--- START ---

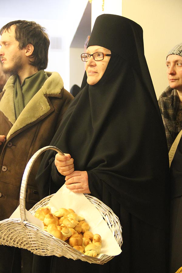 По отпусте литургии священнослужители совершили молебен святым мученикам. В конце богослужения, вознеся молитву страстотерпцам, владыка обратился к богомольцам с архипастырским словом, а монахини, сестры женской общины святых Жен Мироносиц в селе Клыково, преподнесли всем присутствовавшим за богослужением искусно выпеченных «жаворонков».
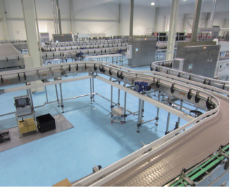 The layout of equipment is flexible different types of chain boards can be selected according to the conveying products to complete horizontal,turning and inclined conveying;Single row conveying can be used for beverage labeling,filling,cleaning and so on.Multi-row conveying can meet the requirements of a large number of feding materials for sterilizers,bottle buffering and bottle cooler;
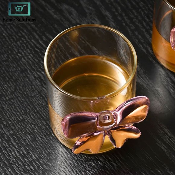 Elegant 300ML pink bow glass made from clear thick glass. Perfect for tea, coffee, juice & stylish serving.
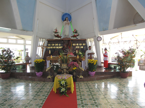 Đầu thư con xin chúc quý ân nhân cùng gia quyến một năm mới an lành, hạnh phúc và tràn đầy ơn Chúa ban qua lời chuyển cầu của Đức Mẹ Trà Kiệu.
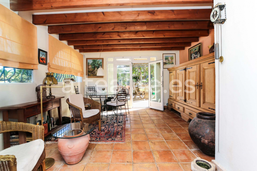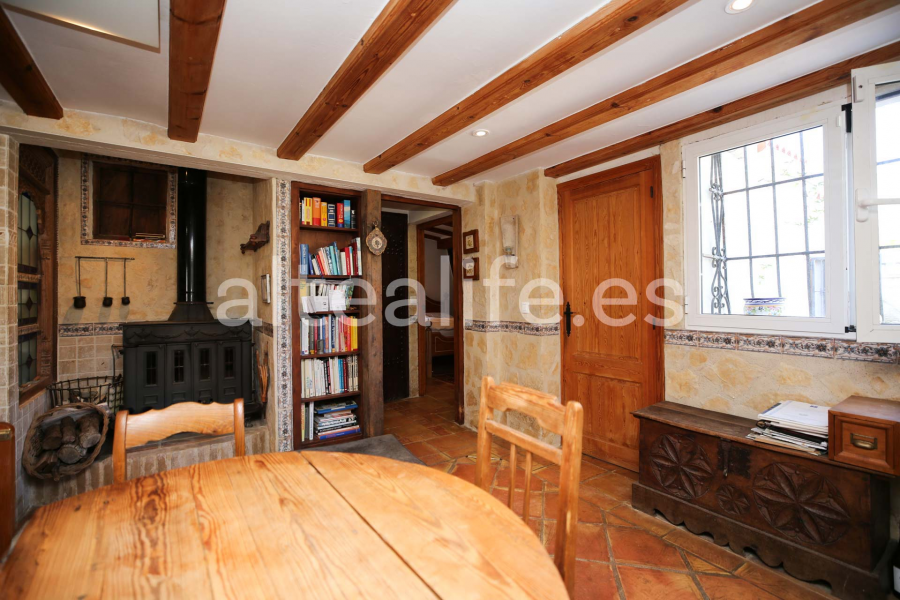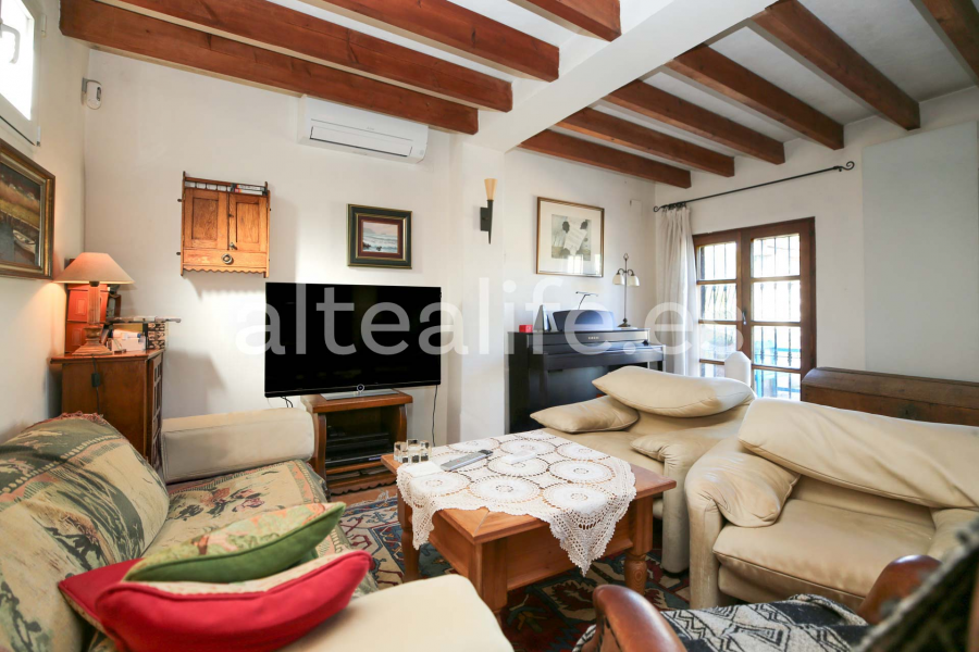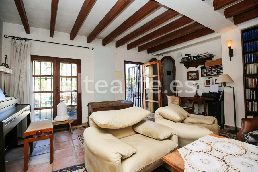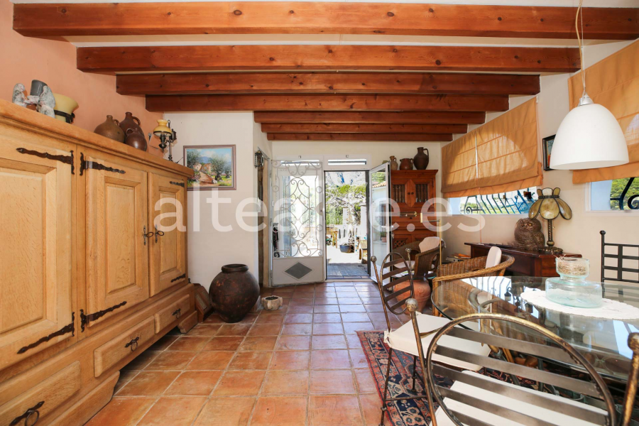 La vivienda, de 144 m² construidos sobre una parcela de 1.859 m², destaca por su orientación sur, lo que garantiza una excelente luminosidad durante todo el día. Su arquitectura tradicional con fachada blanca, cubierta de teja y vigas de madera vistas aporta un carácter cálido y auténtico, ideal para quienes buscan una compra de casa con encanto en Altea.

--- END ---
--- START ---

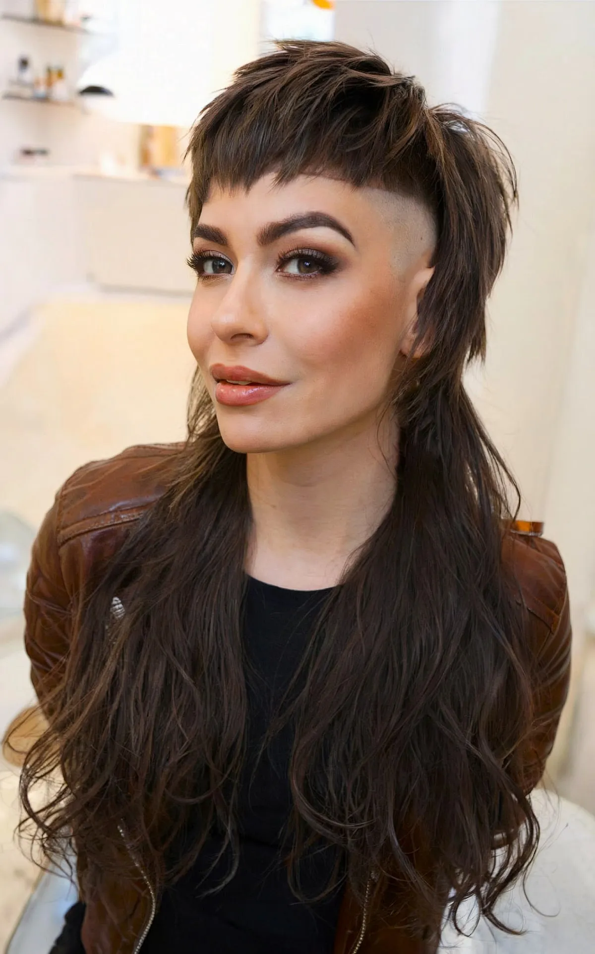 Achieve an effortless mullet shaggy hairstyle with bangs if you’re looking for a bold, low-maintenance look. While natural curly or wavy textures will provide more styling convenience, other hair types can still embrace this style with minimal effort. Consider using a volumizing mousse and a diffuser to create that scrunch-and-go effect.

--- END ---

Restate word for word every line from the one with "По отпусте литургии" up to and including the one with "Elegant 300ML pink" in the records above, minus the pictures.

(OUTPUT OF THE EXERCISE)
 По отпусте литургии священнослужители совершили молебен святым мученикам. В конце богослужения, вознеся молитву страстотерпцам, владыка обратился к богомольцам с архипастырским словом, а монахини, сестры женской общины святых Жен Мироносиц в селе Клыково, преподнесли всем присутствовавшим за богослужением искусно выпеченных «жаворонков».
 The layout of equipment is flexible different types of chain boards can be selected according to the conveying products to complete horizontal,turning and inclined conveying;Single row conveying can be used for beverage labeling,filling,cleaning and so on.Multi-row conveying can meet the requirements of a large number of feding materials for sterilizers,bottle buffering and bottle cooler;
 Elegant 300ML pink bow glass made from clear thick glass. Perfect for tea, coffee, juice & stylish serving.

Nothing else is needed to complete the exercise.